Retype the lines below exactly, but only those from the line that has "韩都衣舍2017韩版女装春装" through the line that has "На крыше дома". Omit every picture.

# RECORDS PROVIDED:
=== Section Start ===

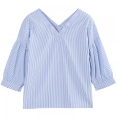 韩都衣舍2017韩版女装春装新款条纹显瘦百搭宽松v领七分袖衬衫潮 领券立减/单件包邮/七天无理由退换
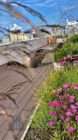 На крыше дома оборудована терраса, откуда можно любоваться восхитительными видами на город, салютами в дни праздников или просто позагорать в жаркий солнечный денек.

=== Section End ===
=== Section Start ===

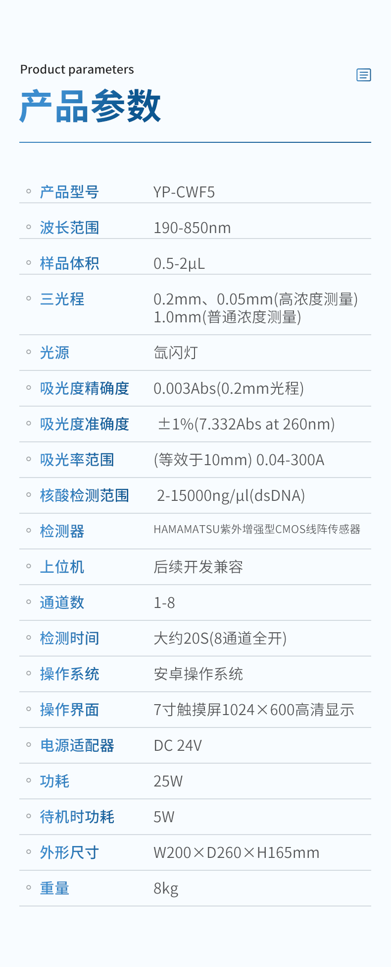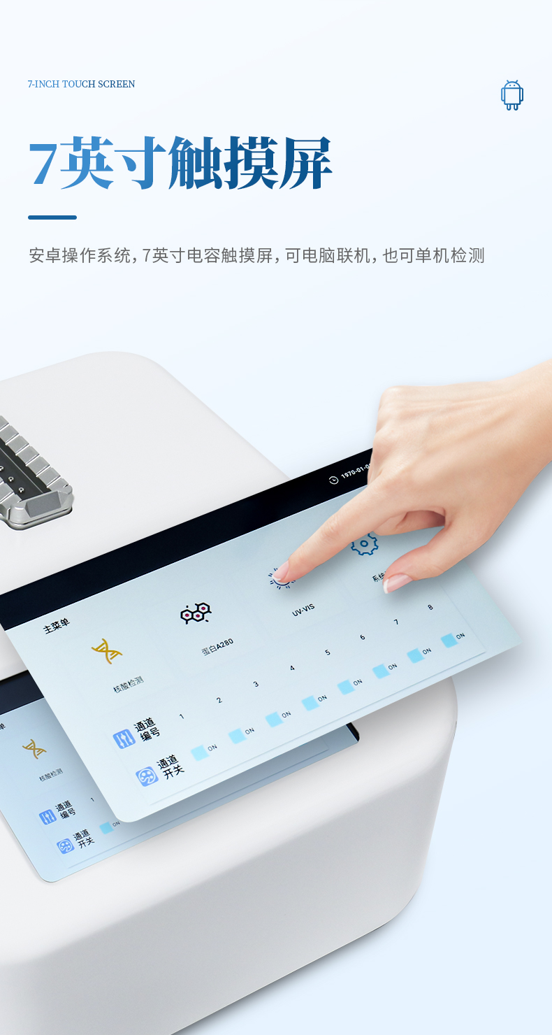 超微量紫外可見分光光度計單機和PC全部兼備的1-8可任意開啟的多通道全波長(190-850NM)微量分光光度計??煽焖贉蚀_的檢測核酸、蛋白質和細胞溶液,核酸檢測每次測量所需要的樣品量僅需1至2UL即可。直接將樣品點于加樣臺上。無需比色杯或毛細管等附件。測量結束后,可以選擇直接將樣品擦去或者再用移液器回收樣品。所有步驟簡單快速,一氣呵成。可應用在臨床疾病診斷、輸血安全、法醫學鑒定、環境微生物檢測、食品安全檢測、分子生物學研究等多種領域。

=== Section End ===

# ANSWER TO THIS EXERCISE:
 韩都衣舍2017韩版女装春装新款条纹显瘦百搭宽松v领七分袖衬衫潮 领券立减/单件包邮/七天无理由退换
 На крыше дома оборудована терраса, откуда можно любоваться восхитительными видами на город, салютами в дни праздников или просто позагорать в жаркий солнечный денек.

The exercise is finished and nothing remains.